Em seguida, o narrador aponta para outro momento forte do texto. O diálogo entre Jesus e Pedro (Jo 21,15-19). Sabemos das atitude de endurecimento de Pedro, de seu ímpeto e de suas resistências frente ao projeto de vida de Jesus, até no momento da ceia. Sabemos também de sua negação no pátio da casa do sumo sacerdote, por ocasião do julgamento de Jesus. A sua consciência devia pesar, e de fato era este o estado de Simão Pedro. O diálogo que se segue com as três perguntas de Jesus ao pescador de Betsaida serve de contraponto àquela tríplice negação durante o processo contra Jesus. O diálogo é profundo. Mas podemos captar lhe a essência.

A primeira pergunta que Jesus faz a Simão pode ser entendida a partir de três perspectivas: 1) se o amor de Simão é mais intenso que dos outros, se ele ama a Jesus mais que os outros amam; 2) se amor de por Jesus é maior que amor que sente pelos seus; e, por fim, 3) se Pedro ama a Jesus mais que a seus empreendimentos, mais que a pesca? Isso é bem coerente, porque a pesca, como imagem da missão, só pode alcançar seu objetivo porque ela é fruto e motivada pelo Amor a Jesus (cf. KONINGS, 2005, p.370).

Outros dados importantes que devem chamar a nossa atenção são formas e os termos em que são formuladas as três perguntas de Jesus. João emprega dois verbos importante, Filein (Filia, amor em forma de amizade) e Agapein (agapao, amor oblativo e operativo de Jesus).

Jesus é intenso na pergunta a Pedro, perguntando se ele O amava (agapás mou). Pedro responde nas duas vezes “Sim, senhor. Tu sabes que te amo (συ οιδας οτι φιλω σε, sy oidas hoti filo sê)” que pode ser entendido assim: “Senhor tu sabes que te quero bem, que sou teu amigo”. Pedro não tem estofo para captar a profundidade da pergunta de Jesus. O amor de que fala e pretende indicar Jesus é aquela adesão, decisão e fidelidade. O discípulo só consegue dizer que é seu amigo (cf. KONINGS, 2005, p.371).

Jesus, como sempre, surpreende. Pergunta uma terceira vez a Pedro se ele o ama. Aqui, o evangelista opera uma mudança nos termos: por duas vezes o autor usou o verbo agapein (amor) na pergunta de Jesus, e por duas vezes para Pedro usou o verbo Filia/filein (amizade). A reviravolta está no fato de, agora, Jesus perguntar a Pedro se ele é seu amigo. O Senhor é que adentra nas dinâmicas de Pedro. Ele vai ao encontro do discípulo. Ele se dirige até onde o discípulo/humanidade pode ou tem condições de ir, nada mais, nada menos.

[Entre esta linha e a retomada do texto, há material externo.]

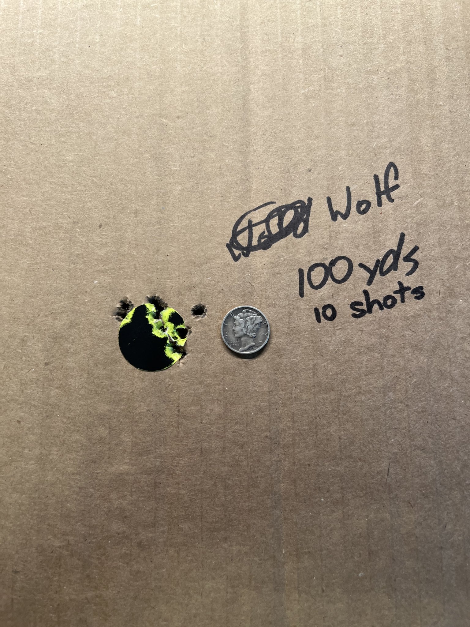 Finally got out to the farm to shoot at some longer distances than the local 25 yard range. Unmodified rifle, Strike Eagle scope and 419 Arca rail with an atlas bipod. Took some Sk rifle match and Wolf match target(eley). Shot at 50 and 100 on paper and 200 on steel. I was happy with the results although I think the wind got the Sk at 100.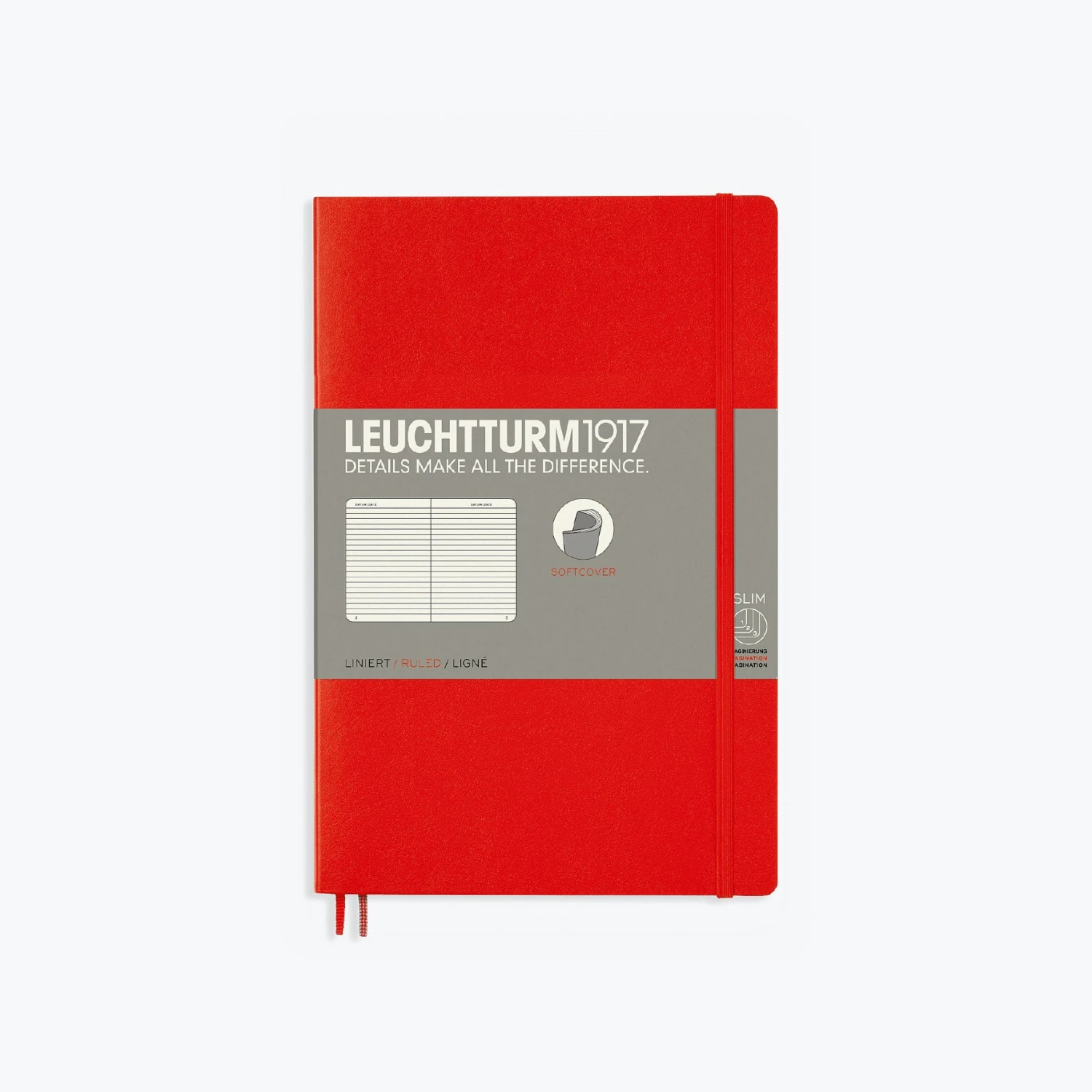 The red Leuchtturm1917 B6+ is a simple yet sophisticated softcover notebook, making it an ideal companion for all walks of life. Softcover notebooks are lighter and more flexible but have the same great features.Â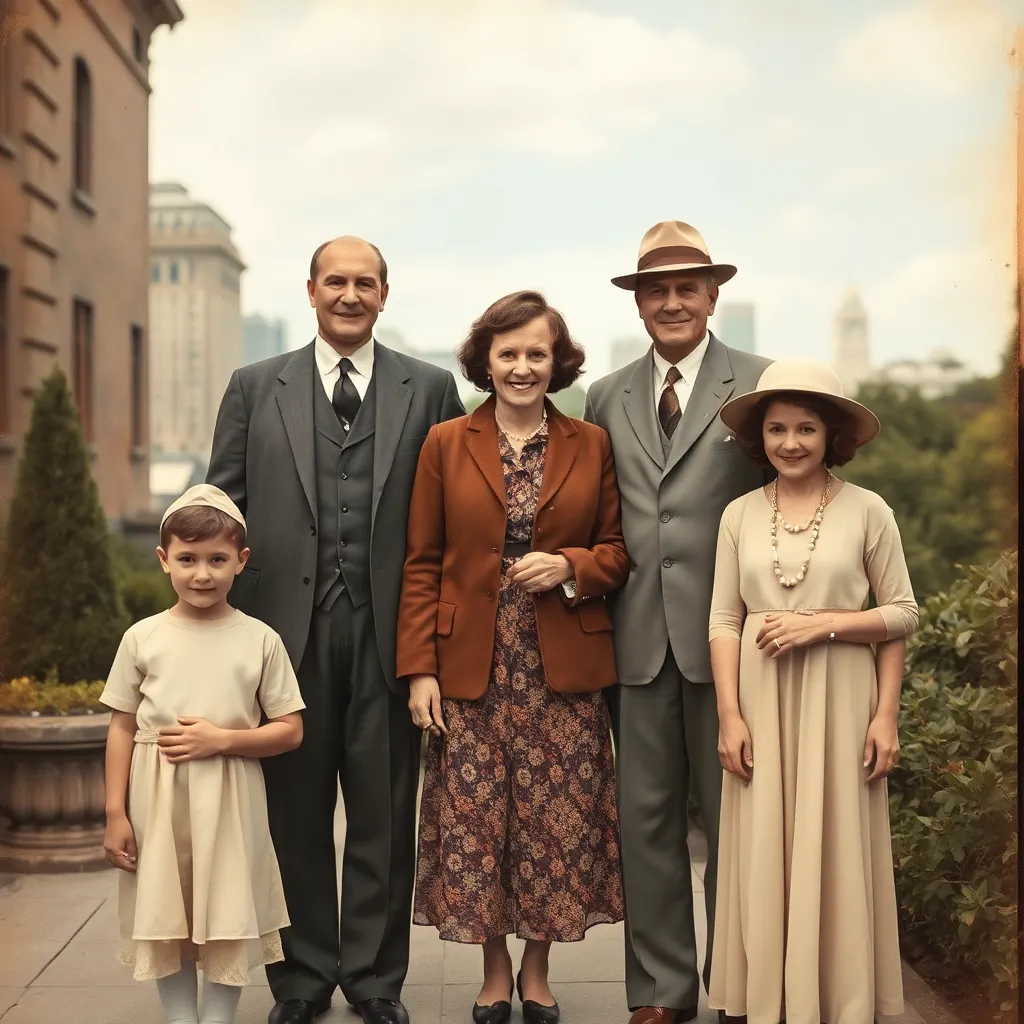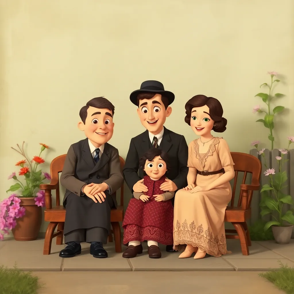 Revive nostalgic memories by animating old black and white photographs. Take a 1920s family portrait, add colorful outfits, and bring the characters to life with modern hairstyles and accessories. Create a whimsical scene with a vintage car, flowers, and a sunny day to transport viewers to a bygone era.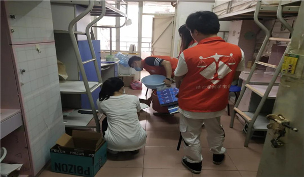 当下正是疫情防控关键阶段,志愿者们不顾炎炎烈日,冒着酷暑,戴着口罩,井然有序地进行宿舍搬离的工作。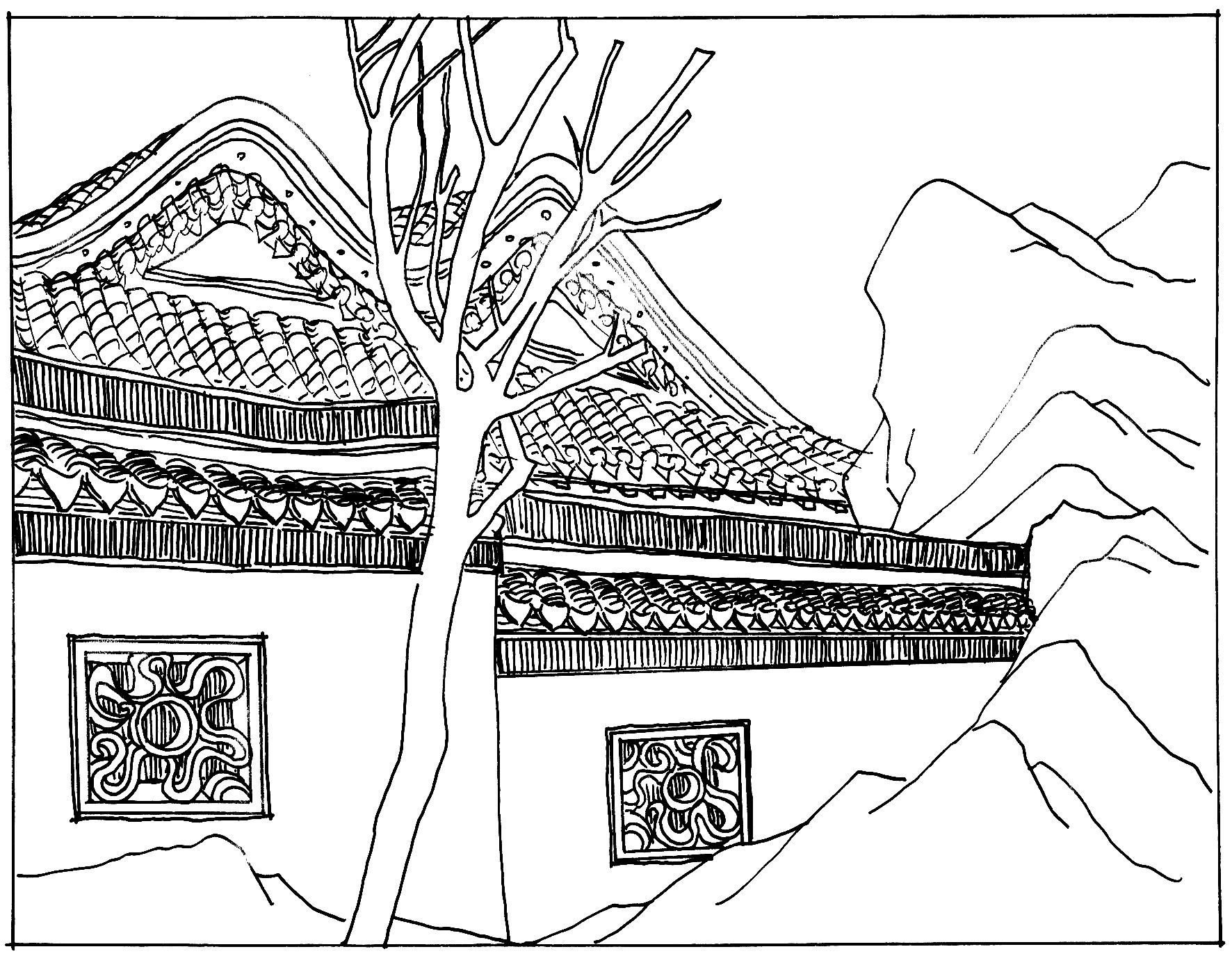 度过柳荫中露出的折带朱栏板桥,往前,便见“一所清凉瓦舍,一色水磨砖墙,清瓦花堵,那大主山所分之脉,皆穿墙而过”。外表看去,建筑的形制和材质均无甚特奇之处,所以贾政毫不客气地批评说:“此处这一所房子,无味的很。”——此句只是曹公的写作技法,“先故顿此一笔,使后文愈觉生色,未扬先抑之法。”(脂砚斋批语)其实,蘅芜苑的外观是经典的款式与样貌,有其固有的深刻传统,绝非“无味”一语可抹煞的。清凉瓦舍、水磨砖墙、清瓦花堵,简洁,浑朴,不事雕饰,是为本真。又有山脉穿墙而过,墙体的一部分借了一脉山体,陡增峥嵘奇崛之气,经典的形态中增添了许多意想之外的新鲜和奇趣,这正是宝钗性情的很好说明。

Cristo vem até onde estamos ou temos condições e estar. Ele aceita e assume a nossa medida. Mas vai até onde Pedro está; assume as dinâmicas de Simão para reorientar e fazê-lo sair de si. É Jesus quem alcança a medida de Pedro fazendo-o relembrar que somente o amor é o caminho da relação e da vida, e, por conseguinte, da missão. Então, percebe-se que o acento do diálogo entre Jesus e Simão não recai num acerto de contas com o discípulo complicado. Mas é uma forma de mostrar que mesmo com as fragilidades (misérias e limites) do apóstolo, o amor entre os dois precisa ser sempre renovado e confirmado. É do amor que depende o fruto da missão.

Então, Pedro responde que o Senhor tudo sabe. Jesus, pela terceira vez faz o convite a Simão para que este apascente Suas ovelhas. Apascentar significa cuidar, nutrir, e dar condições de vida digna para todos. Mas a base para o pastoreio é aquela fidelidade do amigo. Por isso, para exercer esta missão, Pedro precisa renovar seu amor e sua fidelidade: ser amigo do Senhor. O amigo, na tradição bíblica, é aquele que coopera com o agir de Deus (cf. KONINGS, 2005, p.371).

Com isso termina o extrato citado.